When order was restored, a more seemly set of reasons was offered for her absence. Someone said she was shopping, John stuck to the foot story with growing vehemence, someone else was equally positive that her mum was bad, while Joseph Coggs' contribution was that she was all right last night because she'd gone scrumping apples with him up Mr Roberts' orchard.

At this innocent disclosure, silence fell. I took advantage of it to point out, yet again, the evils of stealing, and, finally, requested Ernest and Patrick to give out the school books in preparation for a term of solid work.

Temporarily chastened, they settled down to some arithmetic in their rough books, with only minor interruptions such as:

'I've busted the nib off of my pencil.'

'Patrick never give me no book,' and other ungrammatical complaints which I, and thousands of other teachers, deal with automatically, with no disturbance to the main train of thought.

Before half an hour had gone by, however, the infants' teacher appeared at the partition door, holding one of the newcomers by the hand.

The little girl's face was pink with weeping. Tears coursed downward, and it was quite clear that the hanky, thoughtfully pinned by her mother to her frock, had not been used recently.

'Don't worry,' I said. 'Let her stay here with Margaret.' Margaret, motherly in her solicitude, did some much-needed mopping, some kissing and scolding, and took her to sit beside her in the desk. The tears stopped as if by magic.

'Perhaps she would like a sweet,' I said, nodding towards the cupboard where a large tin of boiled sweets is kept for just such emergencies.

Margaret went to get it. There was an expectant hush in the classroom as the children watched the little one select a pear drop. Would I? Wouldn't I?

'You'd better take the tin round,' I said.

One needs something to help the first day along.

The golden day crawled by, and at the end of afternoon school I sauntered through the village to the Post Office to buy National Savings' stamps before Mr Lamb put up his shutters.

This was one of the jobs I should have done during the past week, but somehow the lovely holiday with Amy had unsettled me, and getting back to the usual routine had been extremely difficult.

I found my mind roving back to that delectable island, thinking of the white goats tossing their heads up and down as they nibbled carob branches, of the bearded priests, dignified in their black Greek Orthodox robes, of the smiling peasant we had met up in the hills, carrying a curly white lamb under each arm and the old woman sitting on her doorstep to catch the last of the light, intent upon her handspinning.

That dazzling light, which encompassed all out there, was unforgettable.

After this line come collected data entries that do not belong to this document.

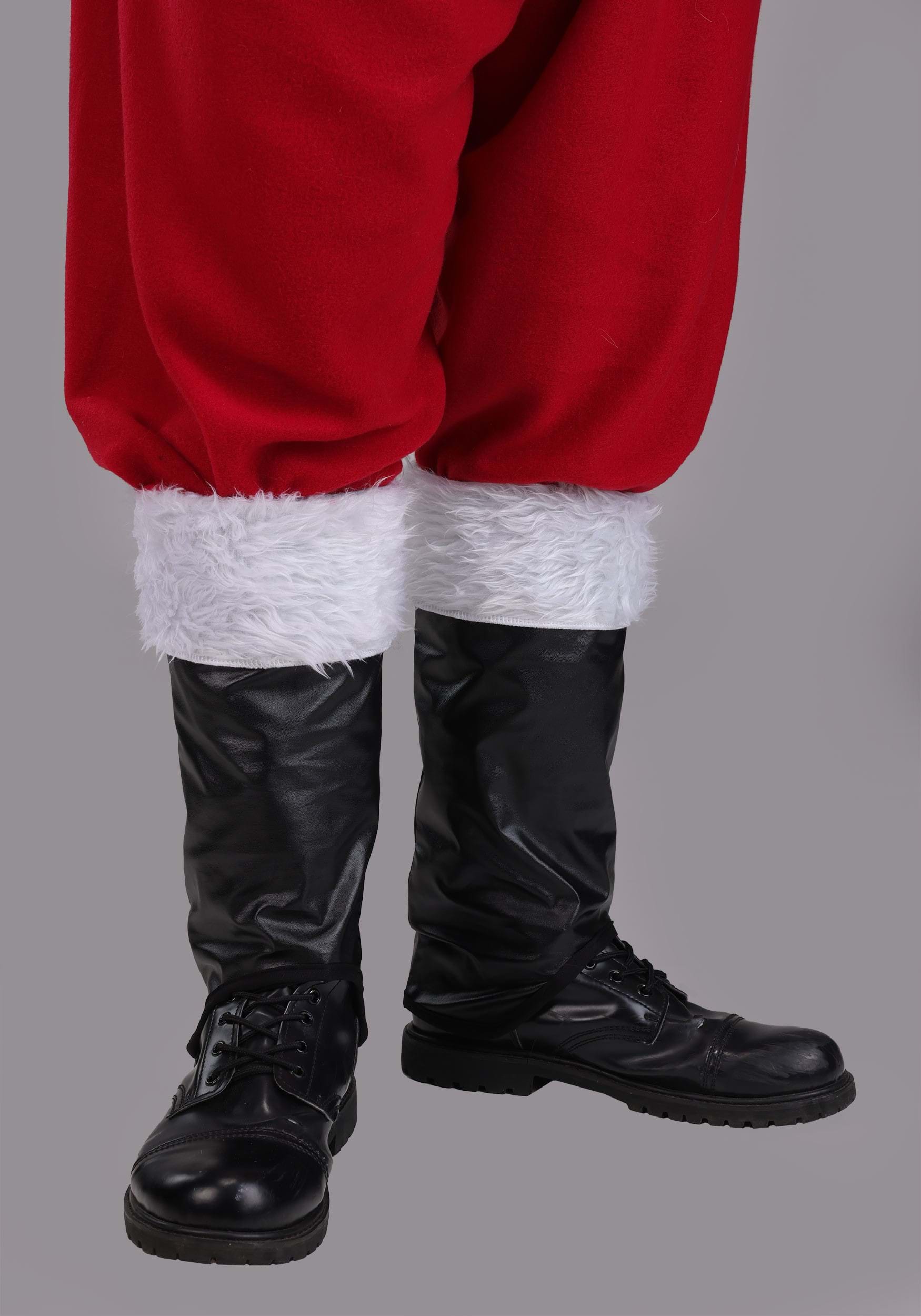 The black faux leather belt fastens in front with a shiny metal buckle, adding structure to the outfit and keeping the holiday belly in check. Black boot tops slip easily over your own shoes for that chimney-ready look, and white gloves finish the ensemble so you can wave regally to the elves—or just keep your hands warm while holding cocoa.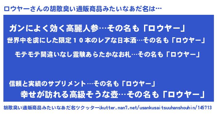 | ヒーロー風カッコイイあだ名 | 『スーパーロウヤー』『仮面ロウダー』 |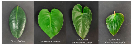 To estimate the pulse-echo arrival time difference for various material properties (spectral backscattering characteristics), four leaf samples were randomly collected from four broadleaf plant species and measured at different distances. Just shown in Figure 3, leaf species include Ficus elastica (denoted as plant leaf 1), Epipremnum aureum (plant leaf 2), Anthurium andraeanum Linden (plant leaf 3) and Kalanchoe blossfeldiana Poelln (plant leaf 4), and corresponding spectral reflectance collected by FWHSL were shown in Figure 4.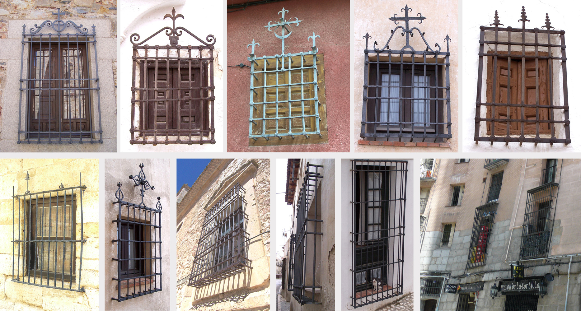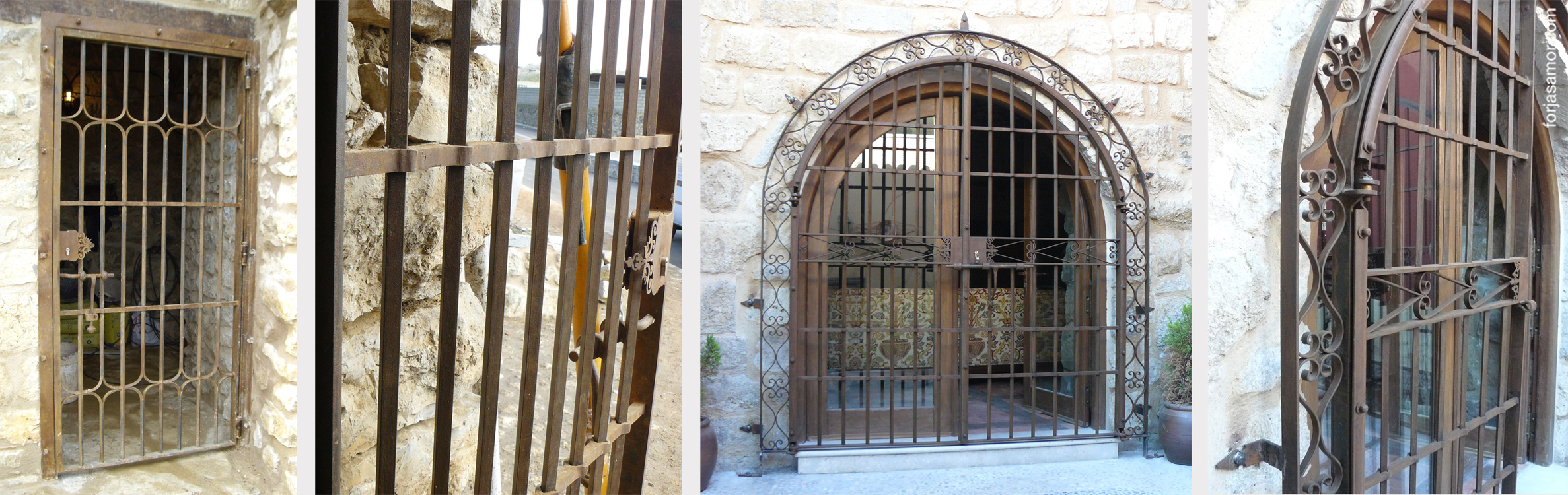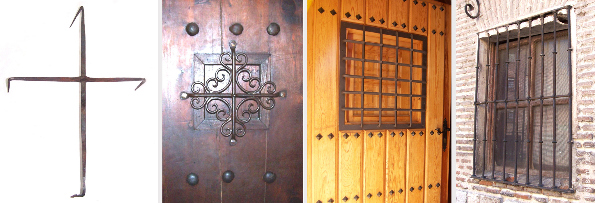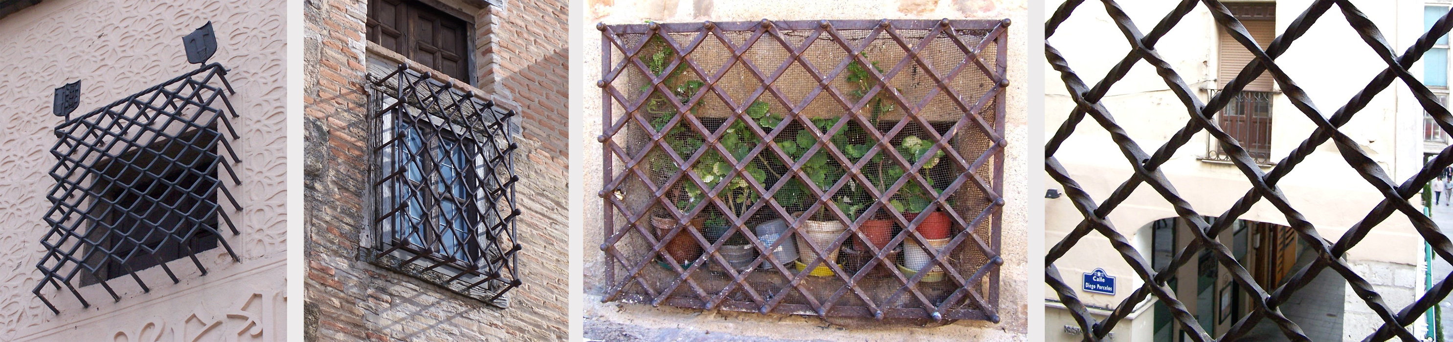 Ejemplos de rejas medievales modelo Convento. (de izquierda a derecha fotografías tomadas en Segovia, Toledo, Cáceres y la Catedral de Burgos)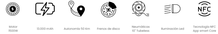 Patinete eléctrico certificado con una potencia máxima de 1500W 48V, batería de litio de 13.000 mAh con hasta 50 km de autonomía, ruedas de 10" neumáticas tubeless, Doble suspensión delantera y trasera por elastómeros, triple frenada, intermitentes y APP compatible Smart Core.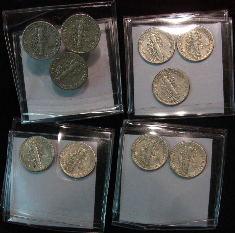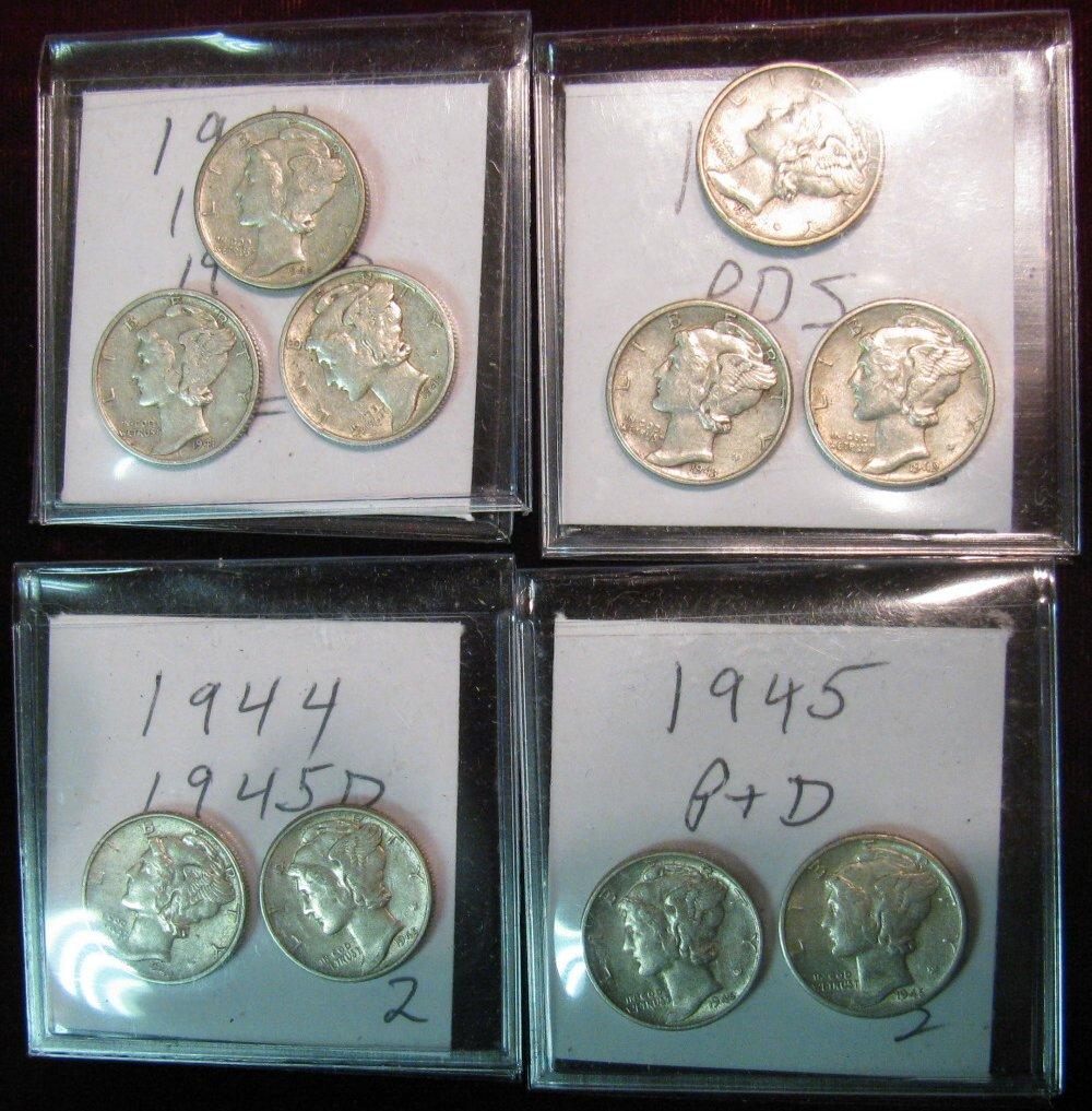 1446. (10) Assorted Date Mercury Dimes 1941-145. XF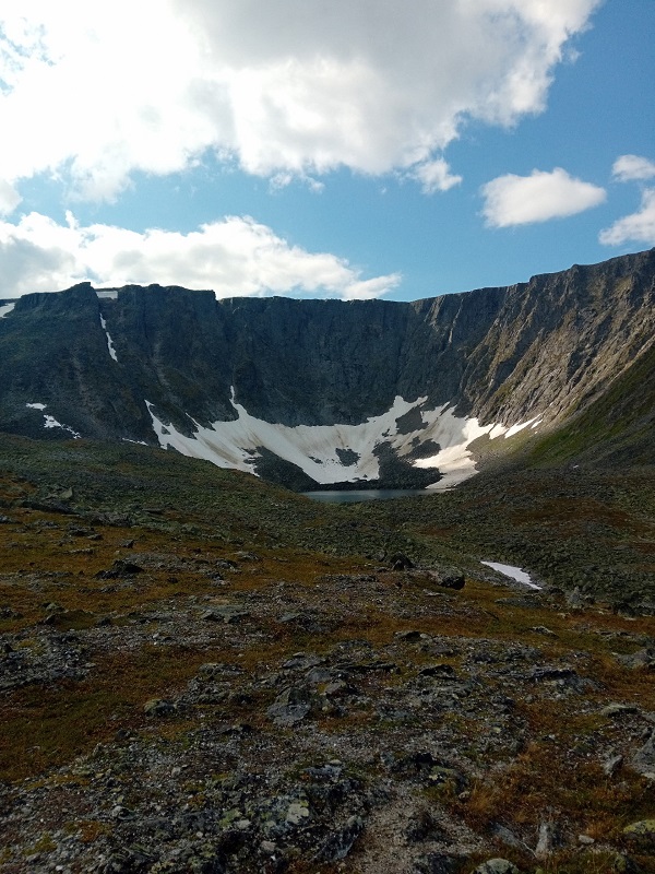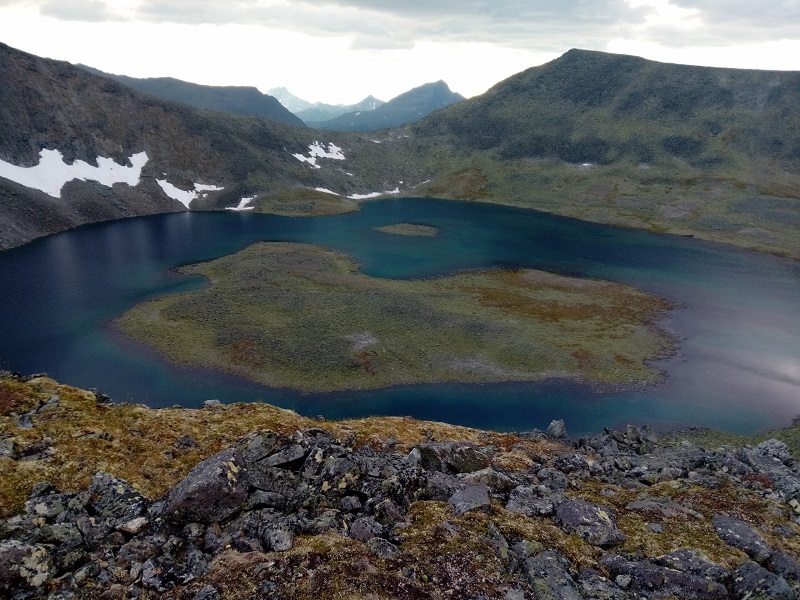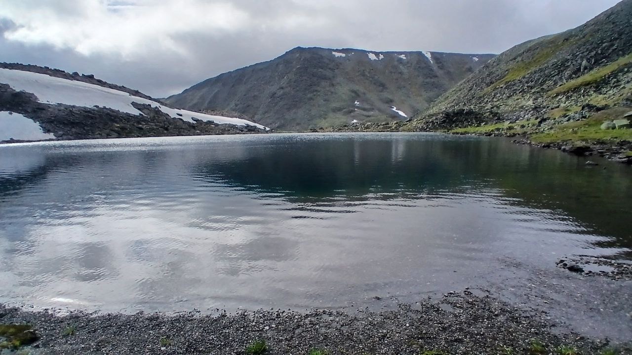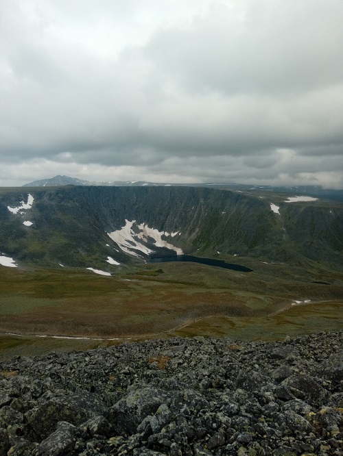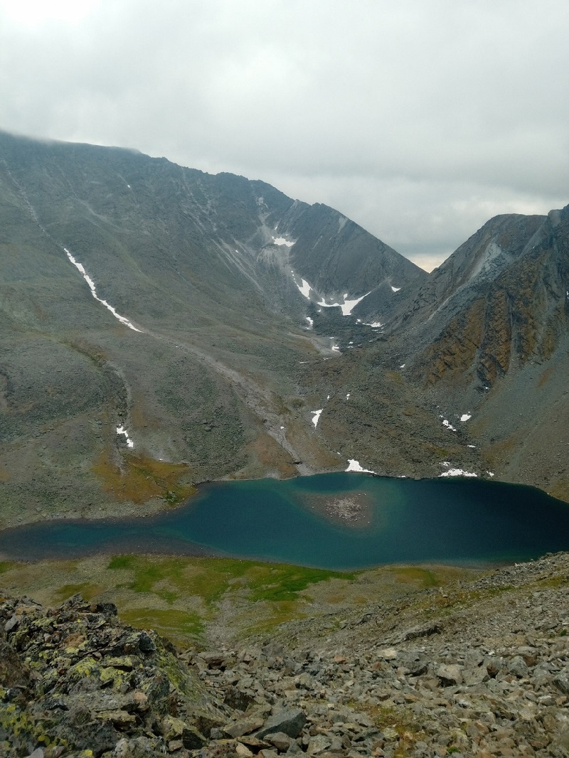 Долина закончилась и начался крутой затяжной подъем. Который уперся в курум. Крупный, с диван размером, он хаотично валялся длинными осыпями и уступами, заставляя петлять и тщательно выбирать место для ноги. Видно было свежие обвалы, еще не заросшие лишайником, частенько огромные каменные глыбы неприятно шатались под ногами… И все время круто вверх. С рюкзаками это, прям, испытание. Под конец бесконечного подъема Никита начал челночить, ибо сил хватило не всем… Но мы дошли. На последнем перед перевалом Зиг Заг, уступе нам открылось круглое озеро с черным песком и черной бездной почти сразу от берега. С погодой везло, так что пообедали под приятным солнышком на берегу вулканического озера, любуясь на горы и снежники.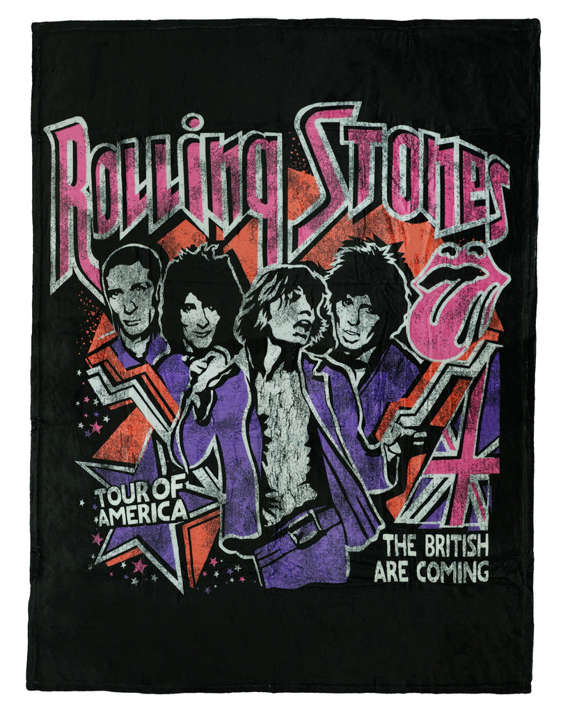 Wrap yourself in comfort with this Rolling Stones throw, featuring a lively band design with the iconic tongue logo and British flag accents. Crafted from soft, silk-touch polyester, it provides a cozy, warm layer excellent for lounging or adding a decorative touch to any room.
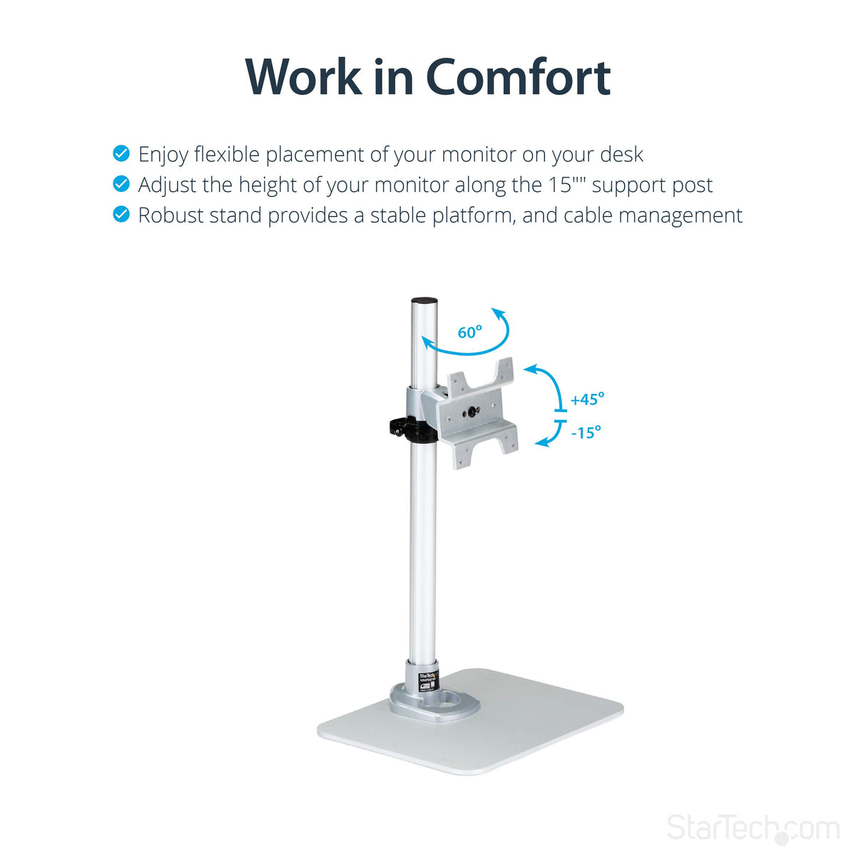 The Adjustable Monitor Stand Lets You Mount A Display On Your Desk, With Tilt, Pivot And Height Adjustments For Perfect Positioning This Taa Compliant Product Adheres To The Requirements Of The Us Federal Trade Agreements Act (Taa), Allowing Government Gsa Schedule Purchases The Monitor Stand Holds Most Common Displays With Ease, Supporting Monitors From 12 - 30 Up To A Maximum Weight Capacity Of 30Lbs (14Kg) For Added Flexibility, The Included Hardware Can Be Used To Mount Your Apple Imac Or Apple Cinema Display Adjustable Monitor Stand With Several Position Viewing Angle Adjustments Supports Displays From 12 To 30 (30Lbs 14Kg Capacity) Taa Compliant For Gsa Schedule Purchases Includes Hardware For Mounting An Imac Or Apple Cinema Display Mounting Bracket Pans 60Deg Around The Support Post Landscape-To-Portrait Screen Rotationthe Desktop Monitor Stand Features A 15In (380Mm) Tall Support Post, For A Much Greater Range Of Height Adjustments Than Typical Monitor Stands Can Provide For Viewing Longer Pages Or Blocks Of Code Without Scrolling, The Lcd Stand Also Supports Landscape To Portrait Display Rotation Adjust Your Display Height, Position And Viewing Angles Easily To Create An Ergonomic Work Environment, With The Added Benefit Of Reclaiming Valuable Workspace On Your Desk By Mounting On A Support Post Above The Desk Surface The Armpivstnd Is Backed By A Startech 2-Year Warranty And Free, Lifetime Technical Sup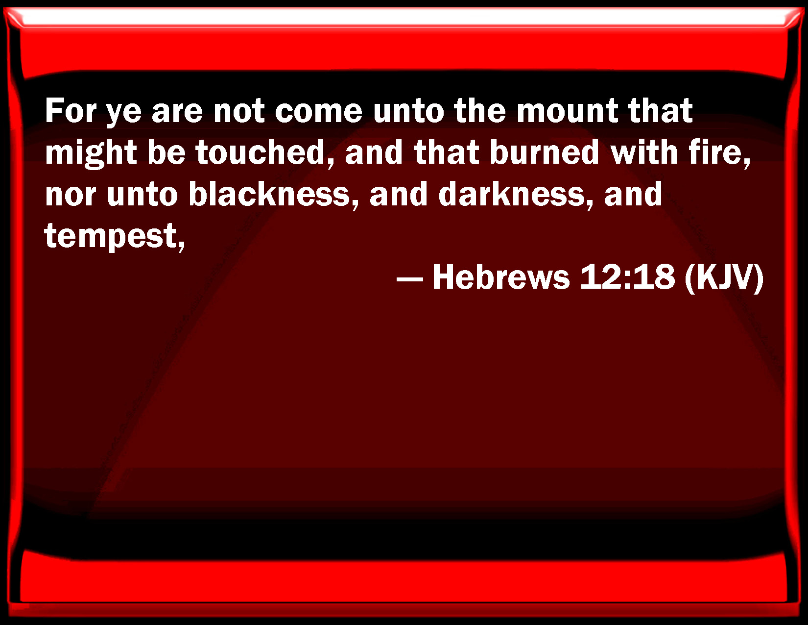 Bible Verse Slide Hebrews 12:18 For you are not come to the mount that might be touched, and that burned with fire, nor to blackness, and darkness, and tempest, KJV: For ye are not come unto the mount that might be touched, and that burned with fire, nor unto blackness, and darkness, and tempest, DRB: For you are not come to a mountain that might be touched, and a burning fire, and a whirlwind, and darkness, and storm, DBT: For ye have not come to the mount that might be touched and was all on fire, and to obscurity, and darkness, and tempest, ERV: For ye are not come unto a mount that might be touched, and that burned with fire, and unto blackness, and darkness, and tempest, WBT: For ye are not come to the mount that might be touched, and that burned with fire, nor to blackness, and to darkness, and tempest, WEB: For you have not come to a mountain that might be touched, and that burned with fire, and to blackness, darkness, storm, YLT: For ye came not near to the mount touched and scorched with fire, and to blackness, and darkness, and tempest,Links Hebrews 12:18 NIV • Hebrews 12:18 NLT • Hebrews 12:18 ESV • Hebrews 12:18 NASB • Hebrews 12:18 KJV • Hebrews 12:18 Interlinear • Hebrews 12:18 Commentaries • Hebrews 12:18 Parallel Texts • Hebrews 12:18 Bible Apps • Hebrews 12:18 Parallel • Bible Hub |

It served, too, to make me more aware of the subtleties of gentler colour now that I was at home.

As I walked to the Post Office I saw anew how the terra cotta of the old earthenware flower pot in a cottage garden matched the colour of the robin's breast nearby. The faded green paint of Margaret Waters' door was echoed in the soft green of her cabbages. The sweet chestnut tree near the Post Office was thick with fruit, as softly-bristled as young hedgehogs, and matching the lime-green tobacco flowers which are Mr Lamb's great pride.

Mrs Coggs was busy fining in a form, assisted by the postmaster. She wrote painfully and slowly, far too engrossed in the job to notice me, and I waited while Mr Lamb did his instructing.

'Now just your name, Mrs Coggs. Here, on this line.'

The pen squeaked, and I thought how patient he was, bending so kindly over his pupil. He moved, and a shaft of sunlight fell across Mrs Coggs' arms. I was disturbed to see that they were badly bruised, and so was the hand that held the pen so shakily.

'And here?' she asked, looking up.

'No, no need for you to fill that in. I can do that for you. That's all now, Mrs Coggs. I'll see to it.'

She gave a sigh of relief, and turned. I saw that one eye was black.

'Lovely day, miss. Had a nice holiday?'

'Yes, thank you. Are you all well?'

'Baby's teething, but the rest of us is doin' nicely.'

She nodded and smiled, and went out to the baby who was gnawing its fists in the pram.

'Doing nicely,' echoed Mr Lamb, when she had pushed the pram out of earshot. He put Mrs Coggs' form tidily, with others, in a folder.

'Beats me why she stays with that brute,' he went on. 'Did you see her arms? And that black eye?'

I nodded.

'I bet she copped that lot last Saturday. Arthur had had a skinful down at "The Beetle and Wedge", I heard. That chap drinks three parts of his wage packet – when he earns any, that is – and she's hard put to it to get the rent out of him.'

'I thought things seemed better now they were in a council house.'

Mr Lamb snorted, and began to open the folder holding savings' stamps without even asking my needs.

'Better? You'll never alter Arthur Coggs even if you was to put him in Buckingham Palace! Usual, I suppose?' he said, looking up.

'Yes, please.'

'Pity she never left him before all those children came. Now she's shackled, and he knows it. Gets her in the family way every two years or so, and there she is tied with another baby and another mouth to feed, poor devil.'

'I wonder how we can help,' I said, thinking aloud. 'It might be an idea to have a word with the district nurse.'

'If you're thinking she can help with the pill and that,' said Mr Lamb, 'you'll have to think again. If Arthur got wind of anything like that, he'd knock the living daylights out of the poor woman.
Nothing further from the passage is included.